Your copy should repeat the data that follows exactly and contain no image.

• [INFORMATION SUPPLIED]:
::::
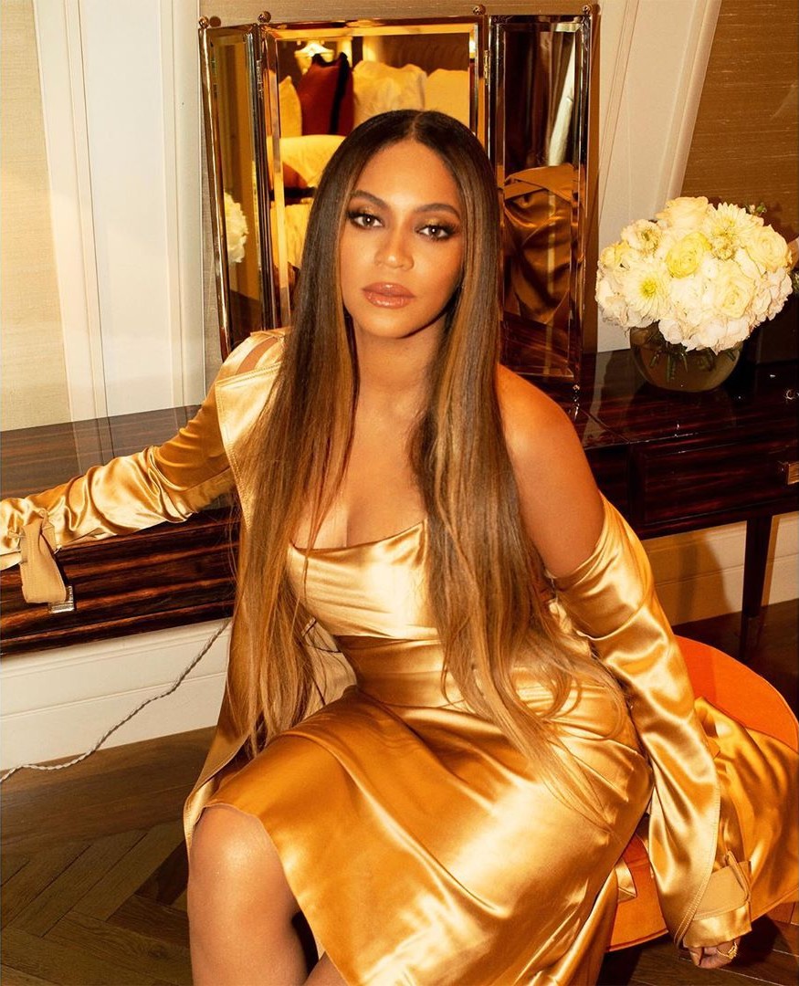 As camadas de tons caramelos que emolduram o rosto de Beyoncé faz com que seu cabelo pareça impressionantemente brilhante e com várias dimensões.
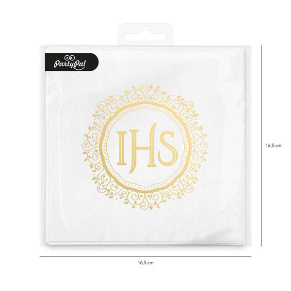 Serwetki papierowe w kolorze białym na I Komunię Świętą ze złotym motywem IHS. Wymiary- ok. 33 x 33 cm. 10 sztuk w opakowaniu.
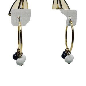 6. Gold tone hoop pierced earrings with black and white charms - 1 1/4" in diameter
::::
• [FINISHED EXERCISE]:
 As camadas de tons caramelos que emolduram o rosto de Beyoncé faz com que seu cabelo pareça impressionantemente brilhante e com várias dimensões.
 Serwetki papierowe w kolorze białym na I Komunię Świętą ze złotym motywem IHS. Wymiary- ok. 33 x 33 cm. 10 sztuk w opakowaniu.
 6. Gold tone hoop pierced earrings with black and white charms - 1 1/4" in diameter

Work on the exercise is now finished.